Handy describes himself as pro-school choice. He supports having charter schools and homeschooling as well as public schools. He believes that local school boards should make the decisions on how education money from the state is spent instead of the state legislature. He also said that school curricula decisions "should be guided by school administrators with strong parental input".
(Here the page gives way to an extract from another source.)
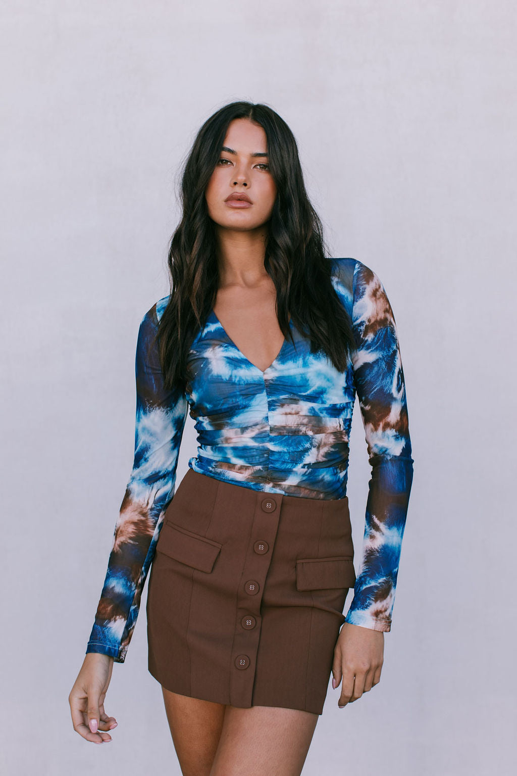 Bold blue, navy, chocolate + white haze printed mesh, long-sleeve top for woman.
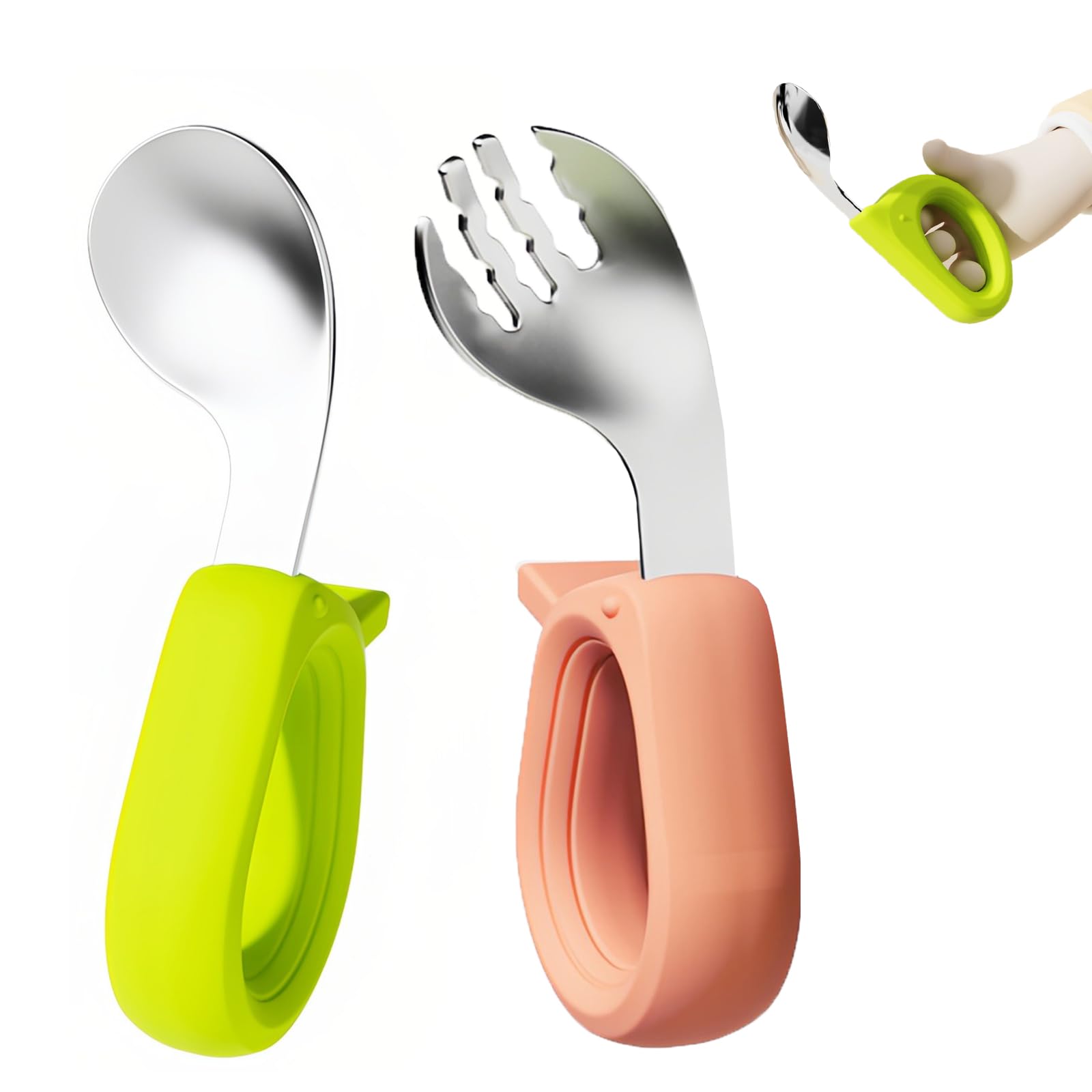【商品情報】:スプーン:10.5mm*3.5mm、フォーク:10.5mm*3.5mm、材料:ステンレス316+食品級シリコン材料、セット内容:グリーンスプーン*1、ピンクフォーク*1、年齢:6ヶ月以上適用。

===License plate revisions===

In 2021, Handy proposed HB 198, which would have added an additional license plate commemorating Dark Skies. The bill failed to pass the House due to concerns from the body on the bill's impact on the budget, and other issues. In 2022, an amended version of the bill, which included adding the Dark Skies plate as a specialty license plate as opposed to a general license plate, passed the Legislature.

===Gun policy===

In 2019, Handy sponsored HB 209, the Extreme Risk Protection Order, which would allow a person's guns and ammunition to be temporarily confiscated by court order if relatives of the person and police officers have cause to believe the person is a threat to himself and others. It has been characterized as a "red flag law".

==Elections==
- 2014 Handy challenged Democratic Party nominee Douglas Sill and Constitution Party nominee Jeffrey Ostler in the 2014 general election. Handy won with 4,366 votes (66.55%).
- 2012 One of Handy's 2010 challengers returned for the June 26, 2012 Republican primary; Handy won with 1,988 votes (65.3%) and won the three-way November 6, 2012 general election with 8,252 votes (66.8%) against Democratic nominee Douglas Sill and Libertarian candidate Kevin Bryan.
- 2010 Handy had three challengers and was nominated at the Republican convention. Handy was unopposed for the November 2, 2010 general election, winning with 6,629 votes.